[Your instructions] For the entries below, the expected answer is the line with "Complete your home", the line with "Skaidulų ir baltymų", and every line between them, exactly as written, and nothing more.

[Provided records]
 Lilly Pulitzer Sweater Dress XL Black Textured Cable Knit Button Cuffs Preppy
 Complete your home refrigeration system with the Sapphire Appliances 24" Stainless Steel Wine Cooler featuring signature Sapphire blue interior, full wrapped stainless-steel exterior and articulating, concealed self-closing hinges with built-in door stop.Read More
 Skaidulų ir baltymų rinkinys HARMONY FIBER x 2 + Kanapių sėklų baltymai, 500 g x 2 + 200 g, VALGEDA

...

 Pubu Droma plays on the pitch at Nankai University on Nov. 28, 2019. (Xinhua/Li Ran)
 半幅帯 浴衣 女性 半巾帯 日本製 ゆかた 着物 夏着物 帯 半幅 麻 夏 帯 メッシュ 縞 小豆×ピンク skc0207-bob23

...

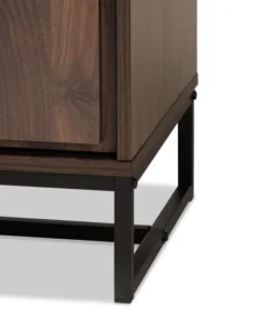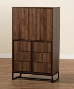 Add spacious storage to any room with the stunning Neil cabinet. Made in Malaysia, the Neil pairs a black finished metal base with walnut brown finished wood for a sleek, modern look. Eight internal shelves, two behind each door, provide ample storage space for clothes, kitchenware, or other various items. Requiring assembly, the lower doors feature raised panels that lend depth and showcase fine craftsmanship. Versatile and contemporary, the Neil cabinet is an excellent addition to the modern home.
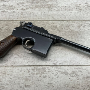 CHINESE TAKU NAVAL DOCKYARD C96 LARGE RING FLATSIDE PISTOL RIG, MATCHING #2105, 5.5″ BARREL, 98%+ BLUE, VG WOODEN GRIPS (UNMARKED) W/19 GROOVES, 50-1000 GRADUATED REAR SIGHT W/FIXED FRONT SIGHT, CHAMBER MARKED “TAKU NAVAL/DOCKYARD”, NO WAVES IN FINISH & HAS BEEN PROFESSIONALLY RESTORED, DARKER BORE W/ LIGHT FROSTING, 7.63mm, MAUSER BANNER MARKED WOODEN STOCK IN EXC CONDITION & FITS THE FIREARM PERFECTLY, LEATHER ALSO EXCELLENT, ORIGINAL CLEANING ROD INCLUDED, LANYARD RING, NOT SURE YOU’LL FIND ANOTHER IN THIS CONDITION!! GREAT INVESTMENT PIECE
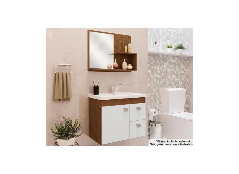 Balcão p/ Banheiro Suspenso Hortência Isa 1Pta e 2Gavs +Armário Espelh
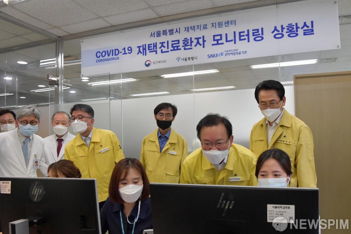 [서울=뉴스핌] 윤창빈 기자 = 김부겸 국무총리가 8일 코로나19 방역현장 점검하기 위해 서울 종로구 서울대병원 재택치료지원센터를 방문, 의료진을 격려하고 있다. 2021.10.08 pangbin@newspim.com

[Output below]
 Complete your home refrigeration system with the Sapphire Appliances 24" Stainless Steel Wine Cooler featuring signature Sapphire blue interior, full wrapped stainless-steel exterior and articulating, concealed self-closing hinges with built-in door stop.Read More
 Skaidulų ir baltymų rinkinys HARMONY FIBER x 2 + Kanapių sėklų baltymai, 500 g x 2 + 200 g, VALGEDA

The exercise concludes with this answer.